Problem to solve ▸ Every line of the material below needs to be copied exactly; omit the pictures.

Input data ▸

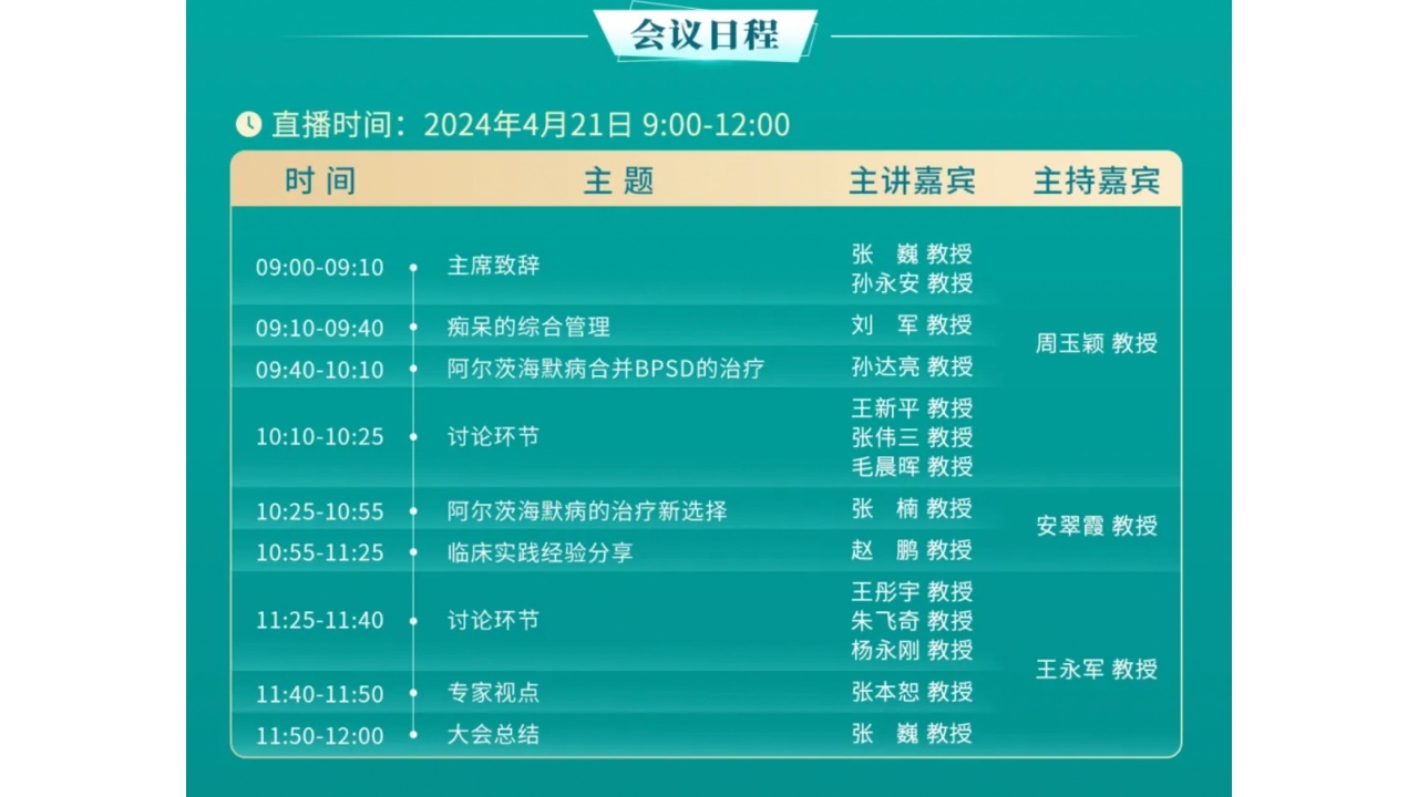 我们诚挚邀请大家前来参加2024年4月21日(本周日)09:00-12:00线上举办的高峰论坛。一起交流、探讨阿尔茨海默病诊治新方向,助力认知学科的发展。
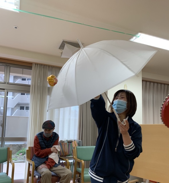 芸達者?なスタッフが、ミニ獅子舞、傘回しや扇子を使った芸などを、披露してくれました。
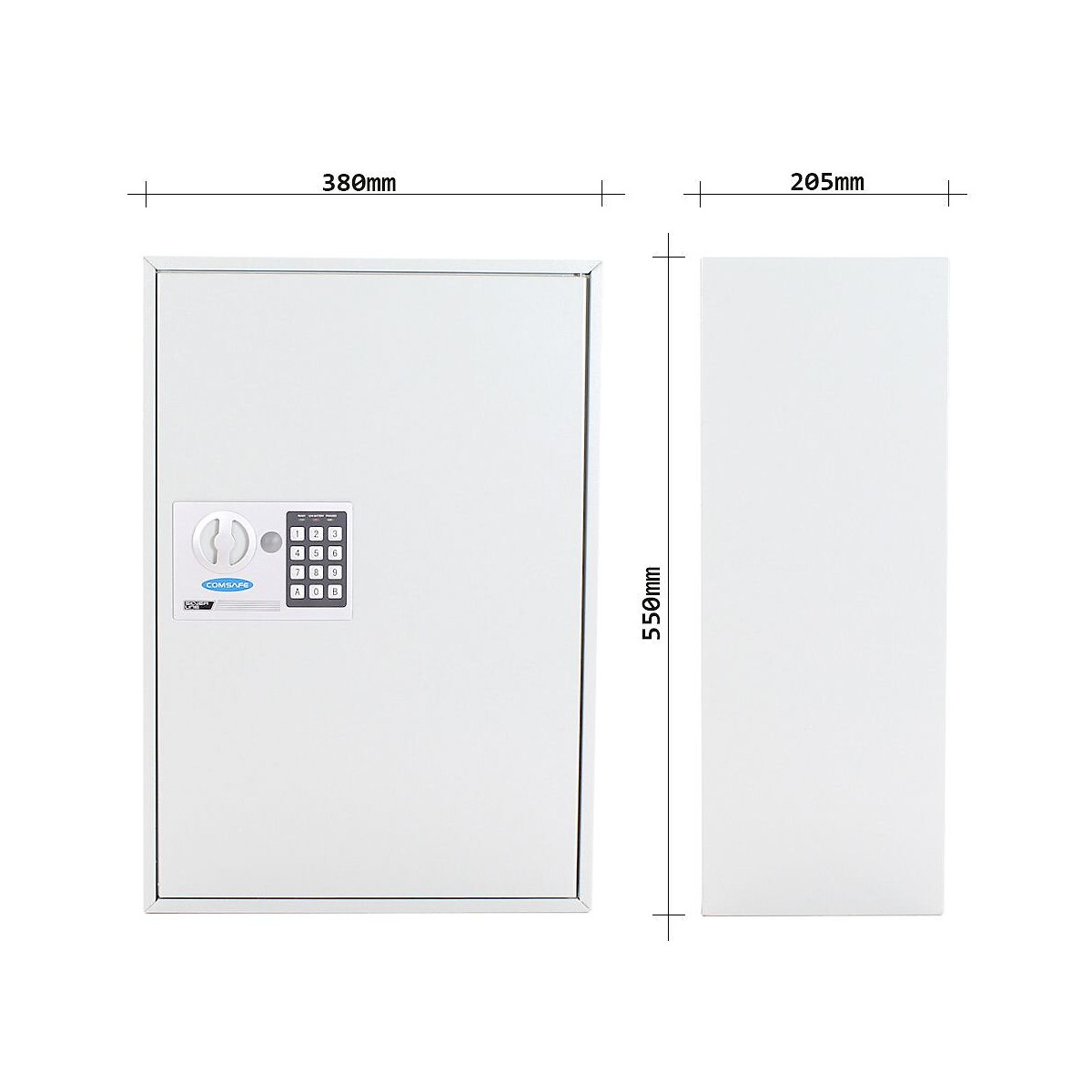 Serrure électronique moderne avec 100 millions de possibilités de réglage. Clavier à membrane plat et non saillant avec info LED Fonctionnement sur piles avec 4 x AA 1,5 V (non inclus) Verrouillage et déverrouillage mécaniques économisant la batterie au moyen d'une poignée rotative. Indication de batterie faible au moyen d'un affichage LED Serrure mécanique à ouverture d'urgence dans les boîtiers SOS. Pas de code maître, un code utilisateur rails à crochets réglables, deux cloisons Registre de clés, pivotant 300 porte-clés sont gratuits Dimensions extérieures mm (H x L x P) :550 x 380 x 205 Poids : 13.3 Kg Nombre de crochets:300 clésSpécifications techniques

Answer to this exercise ▸
 我们诚挚邀请大家前来参加2024年4月21日(本周日)09:00-12:00线上举办的高峰论坛。一起交流、探讨阿尔茨海默病诊治新方向,助力认知学科的发展。
 芸達者?なスタッフが、ミニ獅子舞、傘回しや扇子を使った芸などを、披露してくれました。
 Serrure électronique moderne avec 100 millions de possibilités de réglage. Clavier à membrane plat et non saillant avec info LED Fonctionnement sur piles avec 4 x AA 1,5 V (non inclus) Verrouillage et déverrouillage mécaniques économisant la batterie au moyen d'une poignée rotative. Indication de batterie faible au moyen d'un affichage LED Serrure mécanique à ouverture d'urgence dans les boîtiers SOS. Pas de code maître, un code utilisateur rails à crochets réglables, deux cloisons Registre de clés, pivotant 300 porte-clés sont gratuits Dimensions extérieures mm (H x L x P) :550 x 380 x 205 Poids : 13.3 Kg Nombre de crochets:300 clésSpécifications techniques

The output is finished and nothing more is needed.